We had a namenode go down due to timeout with the hdfs ha qjm journal:


2015-12-09 04:10:42,723 WARN
org.apache.hadoop.hdfs.qjournal.client.QuorumJournalManager: Waited 19016
ms (timeout=20000 ms) for a response for sendEdits

2015-12-09 04:10:43,708 FATAL
org.apache.hadoop.hdfs.server.namenode.FSEditLog: Error: flush failed for
required journal (JournalAndStream(mgr=QJM to [10.42.28.221:8485,
10.42.28.222:8485, 10.42.28.223:8485], stream=QuorumOutputStream starting
at txid 8781293))

java.io.IOException: Timed out waiting 20000ms for a quorum of nodes to
respond.

at
org.apache.hadoop.hdfs.qjournal.client.AsyncLoggerSet.waitForWriteQuorum(AsyncLoggerSet.java:137)

at
org.apache.hadoop.hdfs.qjournal.client.QuorumOutputStream.flushAndSync(QuorumOutputStream.java:107)

at
org.apache.hadoop.hdfs.server.namenode.EditLogOutputStream.flush(EditLogOutputStream.java:113)

at
org.apache.hadoop.hdfs.server.namenode.EditLogOutputStream.flush(EditLogOutputStream.java:107)

at
org.apache.hadoop.hdfs.server.namenode.JournalSet$JournalSetOutputStream$8.apply(JournalSet.java:490)

at
org.apache.hadoop.hdfs.server.namenode.JournalSet.mapJournalsAndReportErrors(JournalSet.java:350)

at
org.apache.hadoop.hdfs.server.namenode.JournalSet.access$100(JournalSet.java:55)

at
org.apache.hadoop.hdfs.server.namenode.JournalSet$JournalSetOutputStream.flush(JournalSet.java:486)

at
org.apache.hadoop.hdfs.server.namenode.FSEditLog.logSync(FSEditLog.java:581)

at
org.apache.hadoop.hdfs.server.namenode.FSNamesystem.startFileInt(FSNamesystem.java:1695)

at
org.apache.hadoop.hdfs.server.namenode.FSNamesystem.startFile(FSNamesystem.java:1669)

at
org.apache.hadoop.hdfs.server.namenode.NameNodeRpcServer.create(NameNodeRpcServer.java:409)

at
org.apache.hadoop.hdfs.protocolPB.ClientNamenodeProtocolServerSideTranslatorPB.create(ClientNamenodeProtocolServerSideTranslatorPB.java:205)

at
org.apache.hadoop.hdfs.protocol.proto.ClientNamenodeProtocolProtos$ClientNamenodeProtocol$2.callBlockingMethod(ClientNamenodeProtocolProtos.java:44068)

at
org.apache.hadoop.ipc.ProtobufRpcEngine$Server$ProtoBufRpcInvoker.call(ProtobufRpcEngine.java:453)

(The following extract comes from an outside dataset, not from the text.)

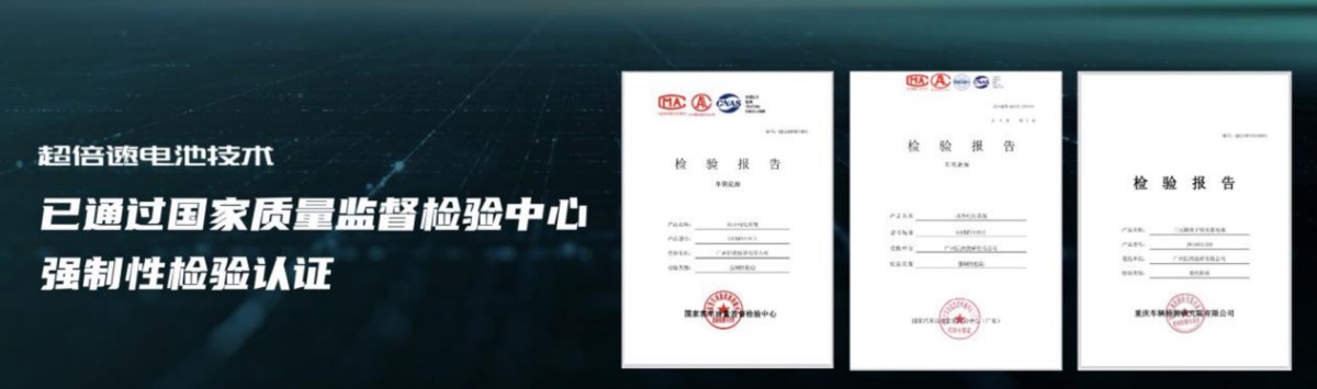 目前,广汽埃安超倍速电池技术已经通过国家质量监督检测中心的强制性检验认证,并将陆续搭载于AION 家族系列车型。

at org.apache.hadoop.ipc.RPC$Server.call(RPC.java:898)

at org.apache.hadoop.ipc.Server$Handler$1.run(Server.java:1693)

at org.apache.hadoop.ipc.Server$Handler$1.run(Server.java:1689)

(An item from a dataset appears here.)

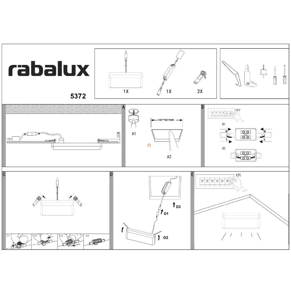 Lampa LED încastrată 12 W, alb rece, 12,3x12,3 cm - Oleg Rábalux 5372 este o lampă spot modernă care poate fi încastrată în tavane suspendate, oferind lumină albă rece cu un flux luminos de 1272 lumeni și o temperatură de culoare de 4000 K. Corp de iluminat este echipat cu un modul LED de 12 W, care nu este reglabil, iar sursa de lumină este încorporată. Lampa este de culoare albă, fabricată din plastic și metal și are un grad de protecție IP20/IP65, fiind potrivită pentru utilizare în interior. Dimensiunile produsului sunt 123x123x25 mm, iar dimensiunea decupajului de instalare este de 107x107 mm. Are o durată de viață medie de 20.000 de ore, asigurând o funcționare fiabilă pe termen lung. Stilul modern al acestei lămpi, fabricată de Rábalux, se potrivește bine cu soluțiile contemporane de iluminat pentru locuințe.
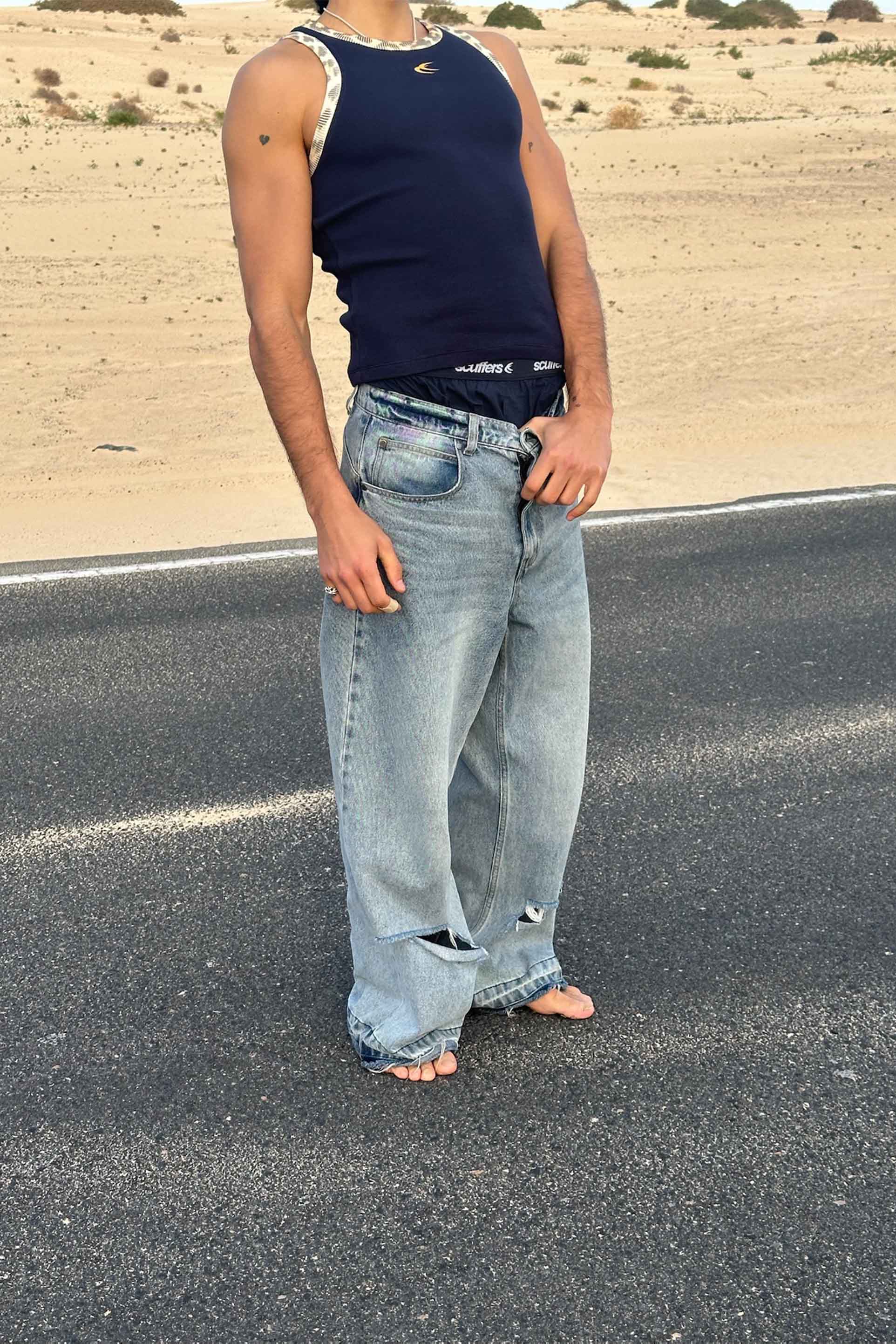 Camiseta sin mangas SCFF con estampado de gofres de animales en azul marino

at java.security.AccessController.doPrivileged(Native Method)

at javax.security.auth.Subject.doAs(Subject.java:415)


While this is disturbing in it's own right, I'm further annoyed that HBASE
shut down  2 region servers. Furthermore, we had to hbck -fixAssignments to
repair HBASE, and I'm not sure that the data from the shutdown regions was
available, and if our hbase service itself was available afterwards:


2015-12-09 04:10:44,320 ERROR org.apache.hadoop.hbase.master.HMaster:
Region server ^@^@hbase008r09.comp.prod.local,60020,1436412712133 reported
a fatal error:

ABORTING region server hbase008r09.comp.prod.local,60020,1436412712133: IOE
in log roller

Cause:

java.io.IOException: cannot get log writer

  at
org.apache.hadoop.hbase.regionserver.wal.HLog.createWriter(HLog.java:716)

  at
org.apache.hadoop.hbase.regionserver.wal.HLog.createWriterInstance(HLog.java:663)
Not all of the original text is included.